Dataset section —
..............................
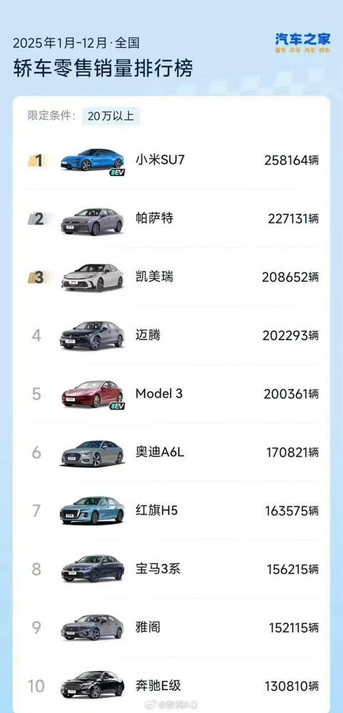 在最新公布的2025年國內20萬元及以上轎車市場銷量榜單中,小米汽車旗下首款車型SU7以絕對優勢登頂年度銷量冠軍。這款新能源轎車全年累計零售銷量達258164輛,不僅超越了傳統燃油車領域的德系、日系勁旅,更在新能源賽道上展現出強勁競爭力。
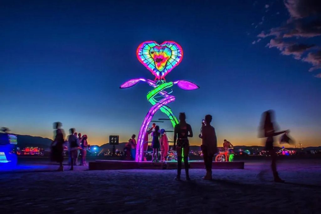 這是一個20英尺的雕塑裝置,雕塑中創造了一個戀愛空間,夜晚還會亮燈,非常絢麗,通過這個很溫暖藝術裝置,希望讓大家珍惜找到的幸福。在這里,會有有許多情侶游客在藝術裝置里面合影求愛,時不時會驚現各種浪漫的場景。
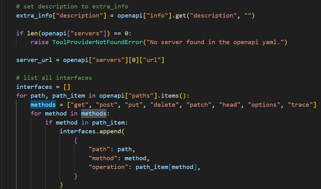 OK,了解了 OpenAPI 的基本结构后,我们看一下 Dify 解析 OpenAPI 结构的代码是怎么写的。
..............................
Problem to work on —
Leave every image out, and retype the material exactly.

Answer to this exercise —
 在最新公布的2025年國內20萬元及以上轎車市場銷量榜單中,小米汽車旗下首款車型SU7以絕對優勢登頂年度銷量冠軍。這款新能源轎車全年累計零售銷量達258164輛,不僅超越了傳統燃油車領域的德系、日系勁旅,更在新能源賽道上展現出強勁競爭力。
 這是一個20英尺的雕塑裝置,雕塑中創造了一個戀愛空間,夜晚還會亮燈,非常絢麗,通過這個很溫暖藝術裝置,希望讓大家珍惜找到的幸福。在這里,會有有許多情侶游客在藝術裝置里面合影求愛,時不時會驚現各種浪漫的場景。
 OK,了解了 OpenAPI 的基本结构后,我们看一下 Dify 解析 OpenAPI 结构的代码是怎么写的。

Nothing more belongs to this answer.